▶ Exercise requirements
Leaving out all pictures, transcribe exactly the lines between the line with "Choose 3 Tacos: Fish" and the last line of the records below, both included.

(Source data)
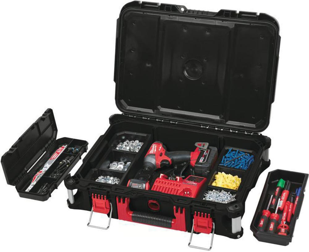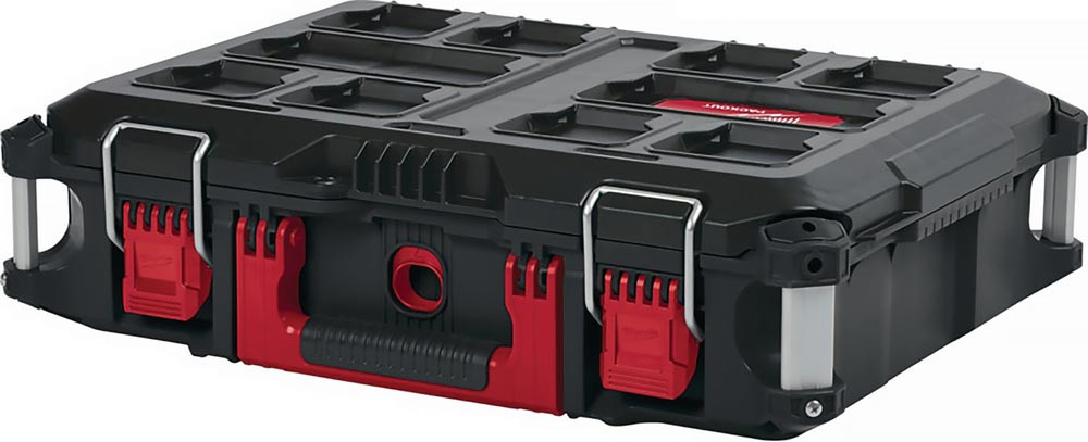 aus dem modularen Aufbewahrungssystem PACKOUT™ · Konstruktion mit stoßfesten Polymeren - ideal für den Baustelleneinsatz · IP65 Schutzklasse schützt vor Staub · Wasser und Schmutz · Metallstreben verstärken die Kofferecken · Verschlüsse mit Metallschließen · inklusive zusätzlicher Boxen zum übersichtlichen Verstauen von Kleinteilen · Einbaumöglichkeit für den ONE KEY™ TICK™ · zusätzlicher Metalltragegriff im Kofferdeckel zum leichteren Transport (nur beim großen Koffer)
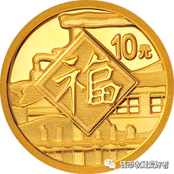 1克圆形金质纪念币背面图案为明代文征明的“福”字造型,配以窗格、梅花、民居房檐等造型组合设计,并刊面额。
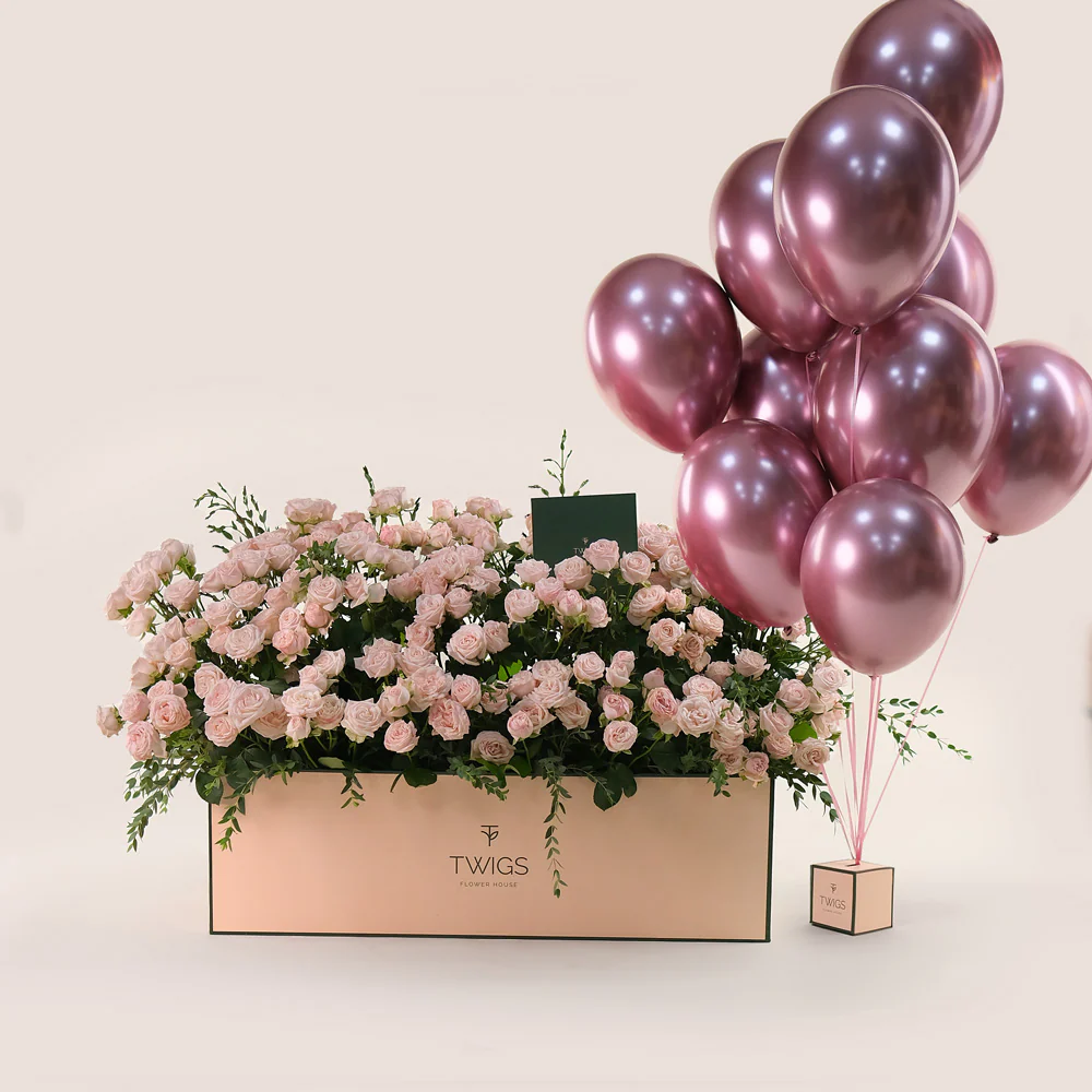 Celebrate life’s sweetest moments with the Blushing Garden Bundle, featuring a generous arrangement of soft pink Bombastic Roses in TWIGS’ premium garden box, paired with 10 metallic pink balloons. This stunning combination is perfect for birthdays, baby showers, or any occasion that calls for a luxurious and festive gift.
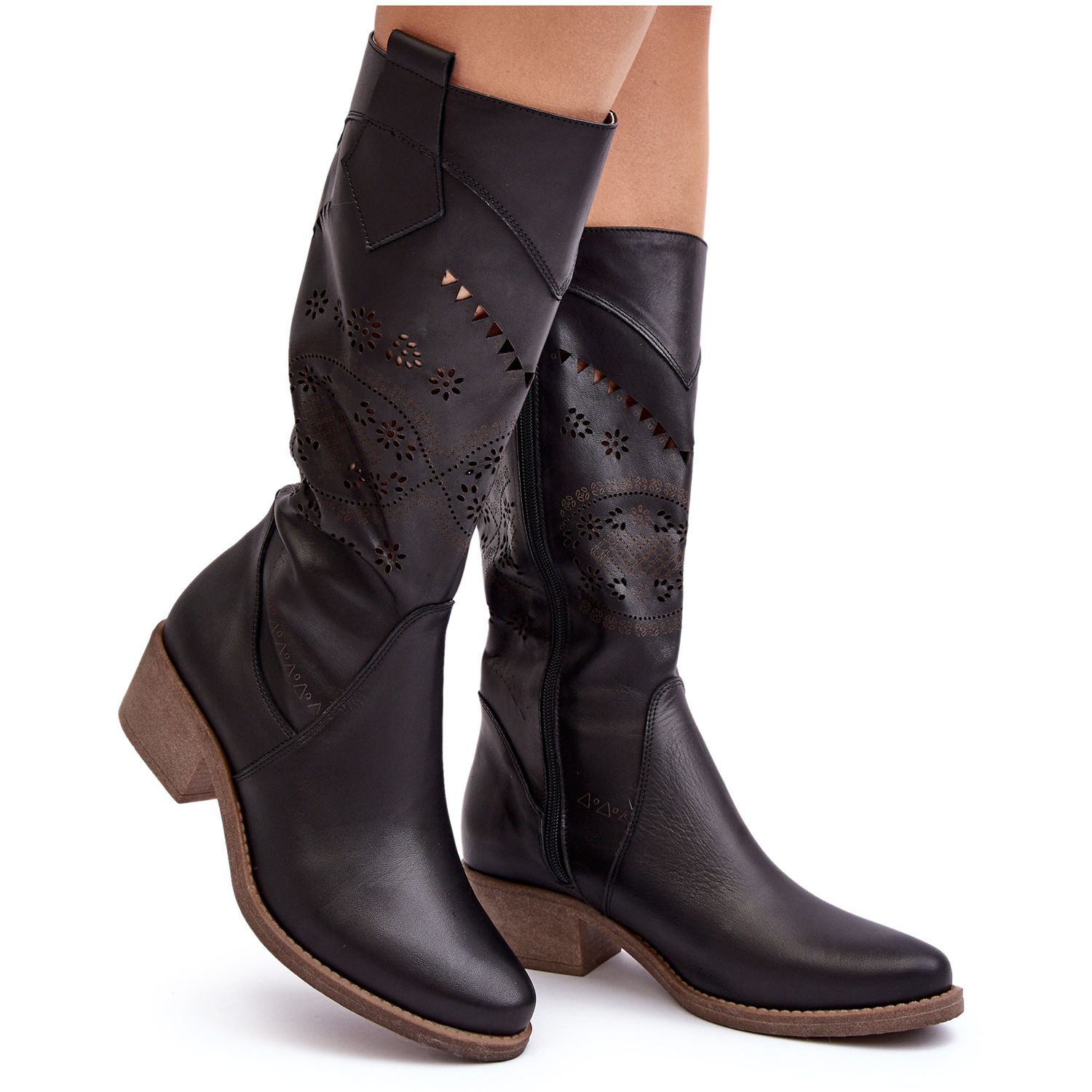 Inna marka Skinnstövlar med genombrutet mönster, Black Sierra svart
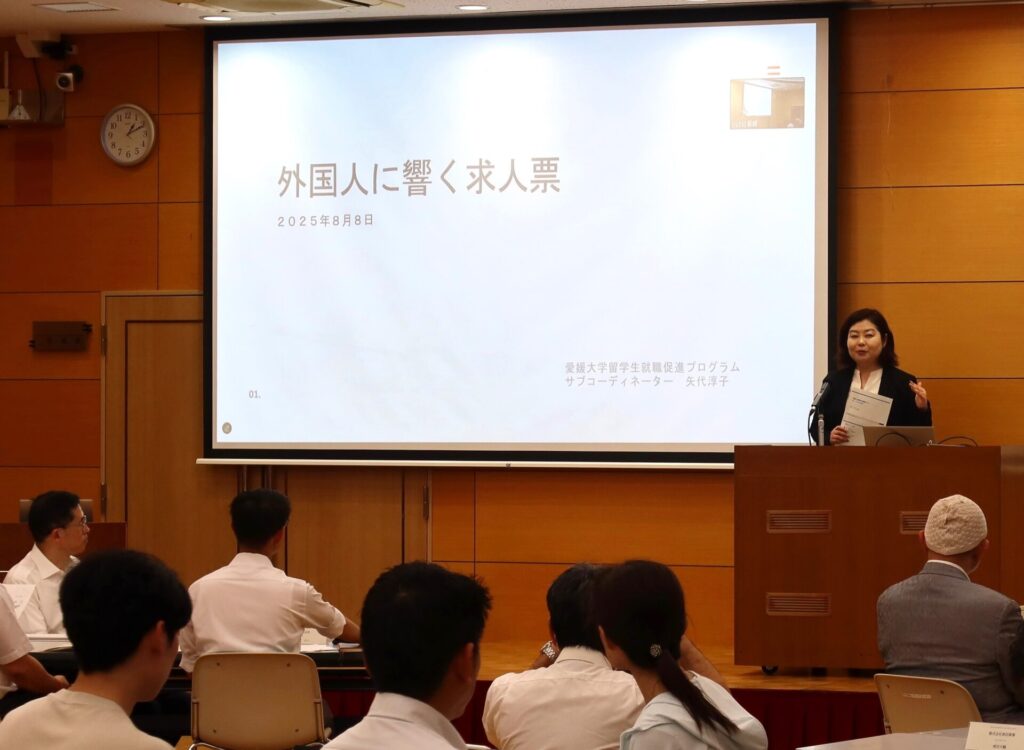 令和7年8月8日(金)、本学城北キャンパスにおいて、日本貿易振興機構愛媛貿易情報センター、四国経済連合会、本学国際連携推進機構留学生就職促進プログラム推進室の共催による、「~留学生と創る四国の未来~高度外国人材採用セミナー&留学生との交流会」を開催しました。本イベントは、四国地域の企業を対象にした高度外国人材の採用促進と四国の大学に在籍する留学生との交流を目的として企画されたものです。
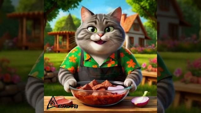 Весёлый котик показывает как готовить используя реальные рецепты. Qr code с полным рецептом приготовления в конце.
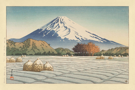 La notoriété de Hasui Kawase découle de sa représentation habile de paysages sereins et pittoresques capturant souvent la beauté tranquille des scènes rurales et urbaines japonaises. Son travail illustre le mélange harmonieux d'humeur, d'atmosphère et d'éléments culturels du Japon. La scène de Nagaoka, Izu, sous la lumière d'un matin gelé avec le Mont Fuji en toile de fond, dégage une ambiance paisible et contemplative, une caractéristique de l'artisanat de Kawase et du mouvement Shin-Hanga.
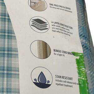 Blue plaid ironing board cover. Features stain resistance and water repellency.
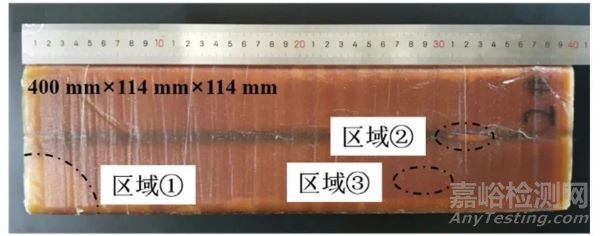 通過(guò)目視檢測(cè)發(fā)現(xiàn)兩個(gè)異常區(qū)域,記作區(qū)域①和②,隨機(jī)選取一處無(wú)異常區(qū)域,記作區(qū)域③,絕緣層試塊實(shí)物如圖4所示。
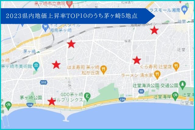 住宅地の地価上昇率TOP10のうち半数の5地点を茅ヶ崎市が占める結果となりました。いずれも、JR東海道線「茅ヶ崎駅」と「辻堂駅」の間、海側のエリアであることがわかります。
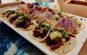 Choose 3 Tacos: Fish Tempura, Shrimp Tempura, Birria, Short Rib, Pastor Chicken, Flank Steak, or Golden Potato Tinga
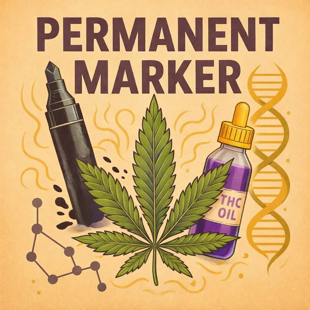 Permanent Marker ist eine feminisierte Premium-Sorte, die ihrem Namen alle Ehre macht. Ihr markantes Aromaprofil vereint chemisch-würzige Noten, die an frische Marker-Tinte erinnern, mit gasigen, süßlich-cremigen Untertönen. Eine außergewöhnliche Sorte für Kenner, die kräftige, moderne Terpenprofile mit Wiedererkennungswert suchen.

▶ Response area
 Choose 3 Tacos: Fish Tempura, Shrimp Tempura, Birria, Short Rib, Pastor Chicken, Flank Steak, or Golden Potato Tinga
 Permanent Marker ist eine feminisierte Premium-Sorte, die ihrem Namen alle Ehre macht. Ihr markantes Aromaprofil vereint chemisch-würzige Noten, die an frische Marker-Tinte erinnern, mit gasigen, süßlich-cremigen Untertönen. Eine außergewöhnliche Sorte für Kenner, die kräftige, moderne Terpenprofile mit Wiedererkennungswert suchen.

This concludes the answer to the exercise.